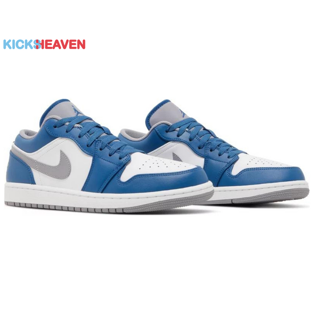 Crafted with premium materials, this Low Air Jordan 1 features a combination of leather and rubber. The upper showcases blue and white leather, with a perforated white toe cap, complemented by blue cotton laces and an underlying grey tongue. Providing support and comfort, the shoe is equipped with a rubber outsole and stitched midsole, housing encapsulated AIR units for cushioning.
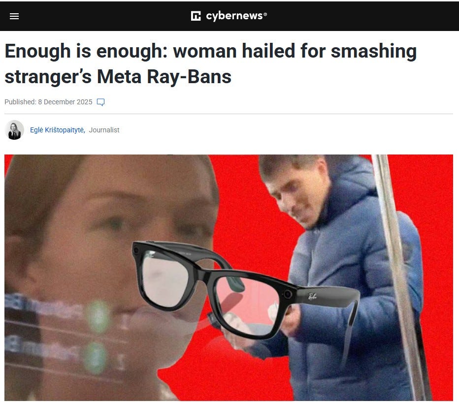 Number 1. Cybernews. Woman on subway smashes Meta glasses of stranger filming her.
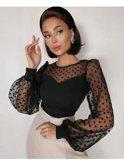 Рубашка офисная блузка с длинным кружевным рукавом нарядная
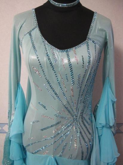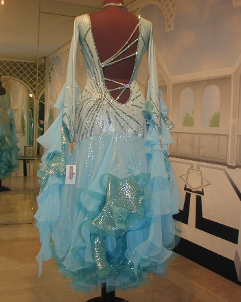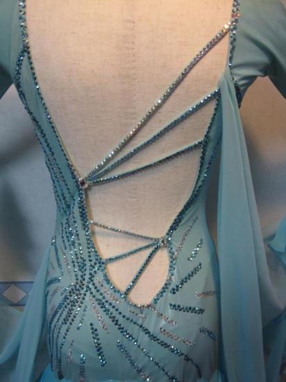 上半身は少し光沢のあるライクラ、スカートは水色のシルク地とキラキラのブルー系のシルク混の4枚重ねとなっています。背中のクロスしたストラップが後姿に印象を与えています。ドレスはイタリアのアトリエで石の補修などすべて手入れを済ませており大変良い状態です。石はスワロフスキーです。附属品:ネックレス、イヤリング、ヘアアクセサリー、キモノ(新品、色指定は不可)、ケース(ロング衣装ケース、大バッグ、小バッグ計3個)は新品をおつけします。レンタルはデモのみです。<>
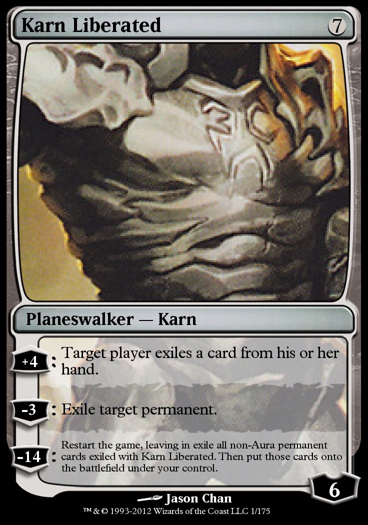 Below are two images of Karn Liberated (he is both a Planeswalker and in New Phyrexia).
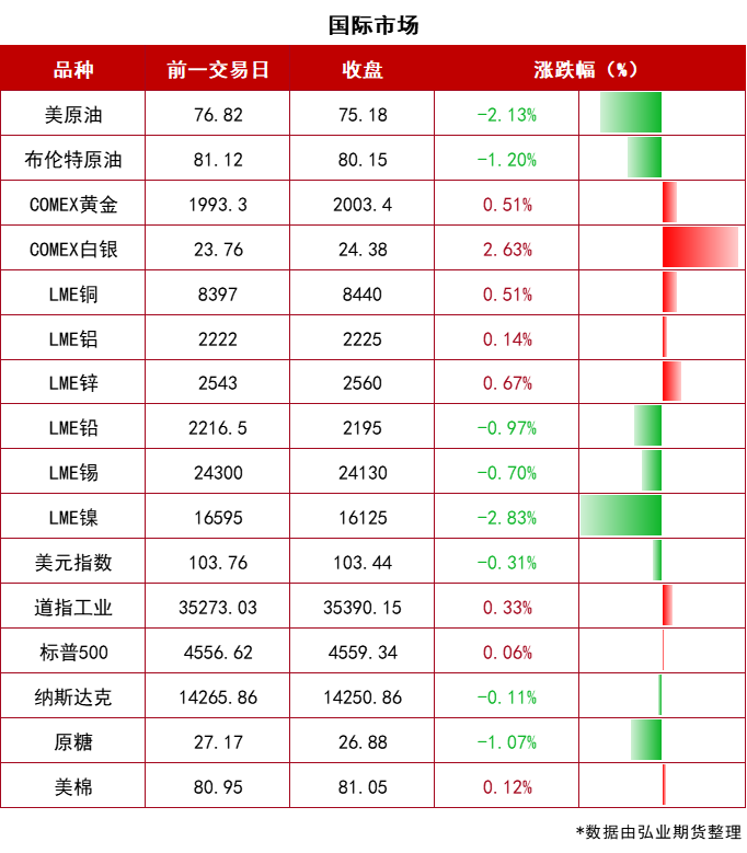 弘业期货 文:金融研究院分析师 郑重声明:本资讯内容仅供参考,据此入市,风险自担 【隔夜要闻】 据称欧佩克+接近与非洲产油国就2024年产量配额问题达成一致,一位不愿透露姓名的消息人士表示,他“有99%的信心”认为欧佩克+可能在11月30日达成协议。 巴以临时停火协议正式生效,双方完成第一轮和第二轮被扣押人员交换。哈马斯:致力于达成“全面交换协议”并完全解除对加沙封锁;以色列总理:将致力于让所有以方被扣押人员获释,对每释放10名人质就延长一天停火的可能性表示欢迎。 俄罗斯副总理诺瓦克:相信在不久的将来会就土耳其天然气枢纽的实施达成协议。 乌克兰空军当地时间11月25日通报称,俄罗斯当天凌晨向基辅方向发射了75架无人机,系俄乌冲突爆发以来最大规模的无人机袭击。 欧洲央行行长拉加德:抗通胀战斗尚未结束;已在利率上做了很多工作,现在可以进行观察。管委穆勒认为可能不需要再提高利率。副行长金多斯也表示,维持当前利率水平足够长时间将控制通胀。 澳大利亚将对澳洲联储进行改革,其中包括废除财政部否决央行货币政策决定的权利。 印度计划将地下煤矿开采量增加两倍。 【隔夜市场数据】
■ ■ ■ ■ ■
** WHAT IS REQUIRED **
Keep to the lines above from the line with "上半身は少し光沢のあるライク" to the line with "Below are two", and set down exactly those, inclusive, with nothing else and every picture left out.

** TASK RESULT **
 上半身は少し光沢のあるライクラ、スカートは水色のシルク地とキラキラのブルー系のシルク混の4枚重ねとなっています。背中のクロスしたストラップが後姿に印象を与えています。ドレスはイタリアのアトリエで石の補修などすべて手入れを済ませており大変良い状態です。石はスワロフスキーです。附属品:ネックレス、イヤリング、ヘアアクセサリー、キモノ(新品、色指定は不可)、ケース(ロング衣装ケース、大バッグ、小バッグ計3個)は新品をおつけします。レンタルはデモのみです。<>
 Below are two images of Karn Liberated (he is both a Planeswalker and in New Phyrexia).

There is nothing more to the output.